Reibaldi Michele, Russo Andrea, Longo Antonio, Bonfiglio Vincenza, Uva Maurizio G, Gagliano Caterina, Toro Mario D, Avitabile Teresio
Department of Ophthalmology, University of Catania, Catania, Italy.
Case Rep Ophthalmol. 2013 Apr 24;4(1):79-83. doi: 10.1159/000351176. Print 2013 Jan.
To report a case of rhegmatogenous retinal detachment with a high risk of proliferative vitreoretinopathy (PVR) effectively treated with episcleral surgery and an intravitreal dexamethasone 0.7-mg implant.

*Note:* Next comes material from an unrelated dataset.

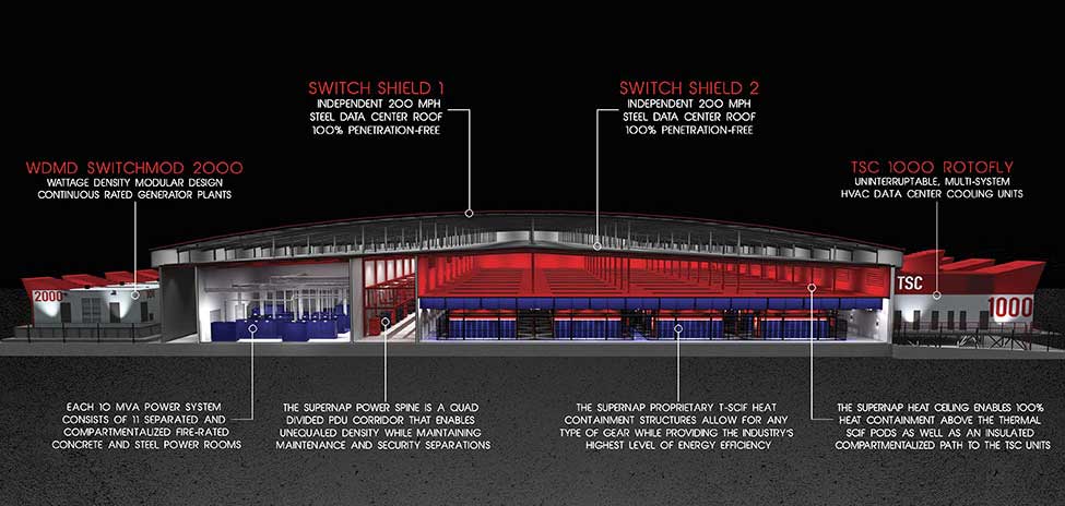 Per la temperatura non c’è problema visto che i data center di Switch, la casa madre, nascono nel deserto del Nevada. Il luogo ideale per costruire una struttura che ospita la mail di Libero.it e fra poco anche quella di Virgilio, otre a essere collegato con 11 telco carrier. Esteso su 42mila mq, a regime sarà organizzato in quattro settori, l’uno indipendente dall’altro con quattromila armadi con la possibilità di gestire oltre 40 megawatt di potenza.
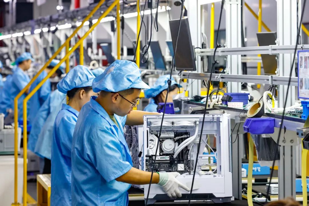 “星閃是新一代近距離無線連接技術,傳輸速度和抗干擾性遠超藍牙和Wi-Fi。”攀升科技主要負責人介紹,攀升科技實現(xiàn)柔性化生產(chǎn),讓生產(chǎn)線上每臺電腦都不一樣,顧客在網(wǎng)上下單,基本實現(xiàn)24小時內(nèi)發(fā)貨,完全滿足用戶大規(guī)模個性化定制。

A 35-year-old Caucasian man with a macula-off rhegmatogenous subtotal retinal detachment that had persisted for 1 month in his myopic left eye presented several risk factors that could have led to the development of PVR after retinal detachment surgery. His best corrected visual acuity was hand motion. He received an intravitreal dexamethasone 0.7-mg implant (Ozurdex(®)) after episcleral surgery to prevent this complication.
At least 9 months after surgery, no sign of PVR or pucker has developed in the treated eye. Visual acuity improved to 0.2, the retina was attached and no complications were observed.
Intravitreal dexamethasone 0.7-mg implant (Ozurdex) could be considered as off-label treatment following episcleral surgery to prevent PVR.
报告1例孔源性视网膜脱离且具有增殖性玻璃体视网膜病变(PVR)高风险的患者,经巩膜外手术联合玻璃体内注射0.7毫克地塞米松植入剂治疗有效。
一名35岁的白种男性,其左眼近视,黄斑脱离的孔源性视网膜脱离部分持续1个月,存在视网膜脱离手术后可能导致PVR发生的多个风险因素。其最佳矫正视力为手动。在巩膜外手术后,他接受了玻璃体内注射0.7毫克地塞米松植入剂(Ozurdex®)以预防该并发症。
术后至少9个月,患眼未出现PVR或视网膜前膜迹象。视力提高到0.2,视网膜复位,未观察到并发症。
玻璃体内注射0.7毫克地塞米松植入剂(Ozurdex)可被视为巩膜外手术后预防PVR的超说明书用药治疗。